Another Late-Night Diatribe

I Stayed Up Too Late Writing This Again
Now with 100% less politics (sorry Max) and 0% more Pain and Power of Chores (sorry Fitz)

 

My pattern of writing at obscene hours continues with this newest installment. There are more of these but most are too short or too meandering to post.

    There comes a time at night, usually between 10:30 and 11:00, when a primordial urge abruptly takes me over, as compelling as it is random — introspective, metaphysical, emotional, and sometimes ideological writing. It always starts when I’m lying in bed trying to fall asleep. I get up with a groan, knowing that I should at least try to get something done instead of lying awake in silence. I put on some old crooner or big band, maybe Duke Ellington, maybe Harry James, maybe Bing Crosby, and let the algorithm do its work. I start out cleaning, belting the lyrics whether I actually know them or not. Books and clothes get put away and some real progress gets done, but the biggest issue spot is always my desk.
     The desk in my bedroom is the final destination for any and all of my detritus as well as my main workspace for school. This is, of course, a problem, and I set to work tidying it up. My vocal chords usually get a bit strained by now so I stop singing so enthusiastically, too.
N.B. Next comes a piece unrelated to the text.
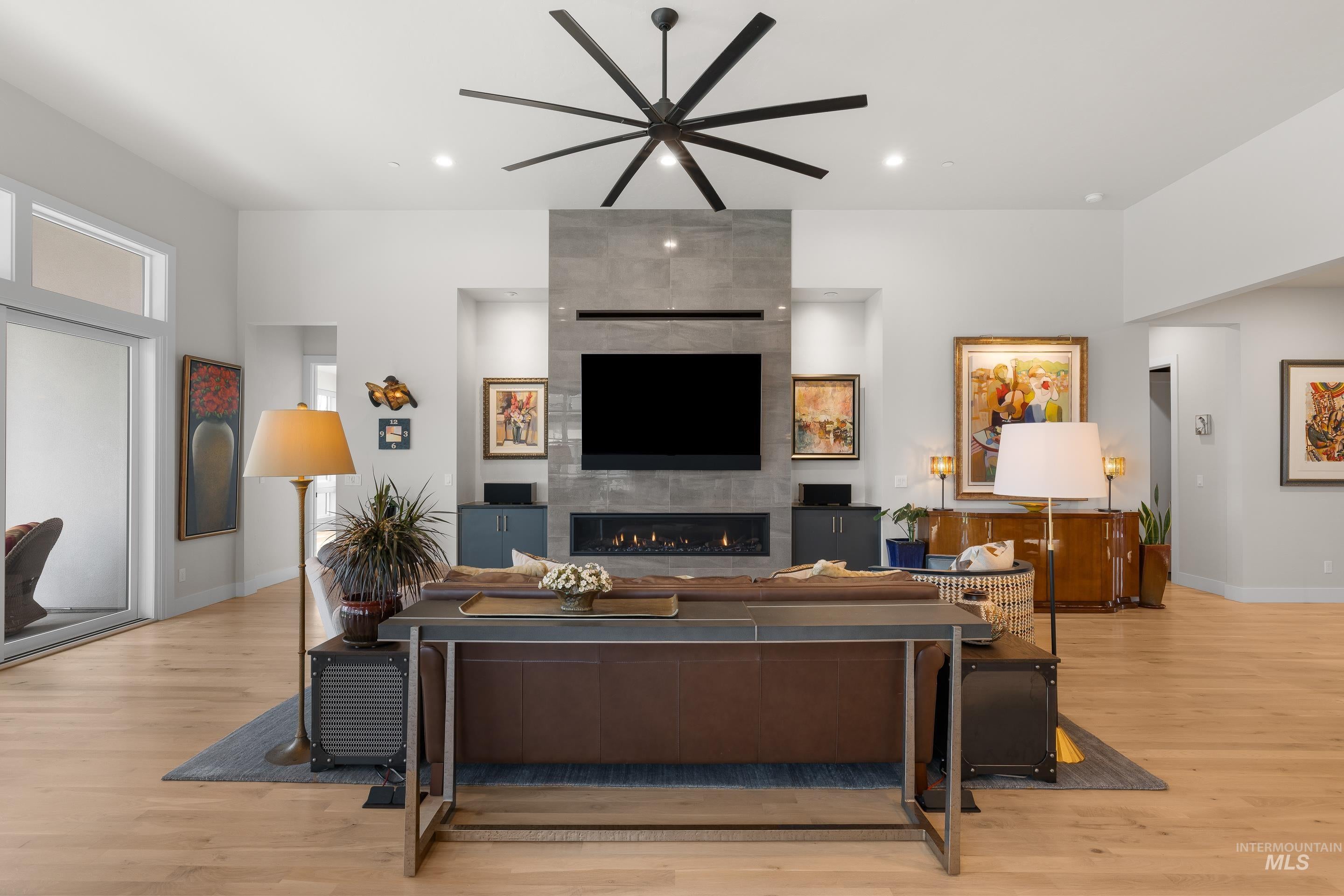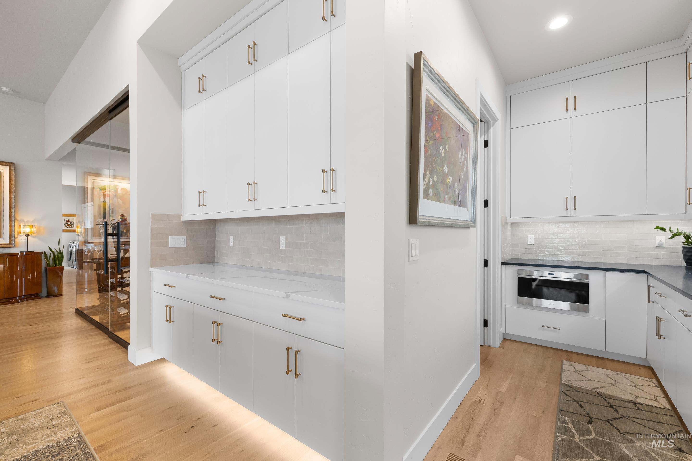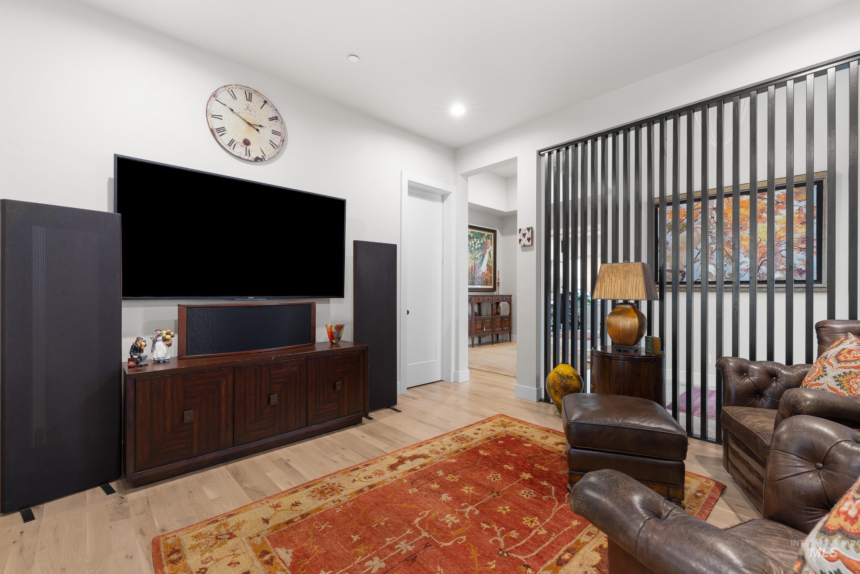 Experience the finest luxury living that NE Boise has to offer in this modern Harris North property. Enjoy incredible views of the Boise Foothills off the main living areas and primary suite. Abundant natural light floods into this open concept single level floor plan. Expansive kitchen with Wolf appliances and butlers pantry. The main area includes a linear fireplace and sliders that open up to the covered patio with premium low maintenance turf. The real show stopper of this space is the wine cellar, finished with glass walls and a climate controlled humidifying system. Large primary suite with dual vanities, and a luxurious walk in shower opposite the soaking tub. This property lives large with a guest suite, Jack and Jill bedroom with shared bathroom, bonus room and a den. Two separate garage bays fitting three units finished with epoxy floors. Upgrades include real hardwood floors, built in audio speaker system with upgraded low voltage package, two dishwashers, under cabinet lighting, premium cabinetry with dovetail cabinet drawers, electric blinds and more! Harris North includes a community pool, easy access to DT Boise, local rivers, parks and Lucky Peak recreation.

Eventually, I reach a satisfactory point and rummage about for some notebook, journal, sometimes even notepad, to write in. The writing begins in my trademark hurried scrawl (nobody actually sees the handwriting so I don’t need to make it legible for anyone other than me), often with an under-sharpened pencil and an underdeveloped idea. Sometimes I stop and think for long periods thinking of what to write, and sometimes I can barely get the words on paper fast enough. But I press on, back turned against the wind.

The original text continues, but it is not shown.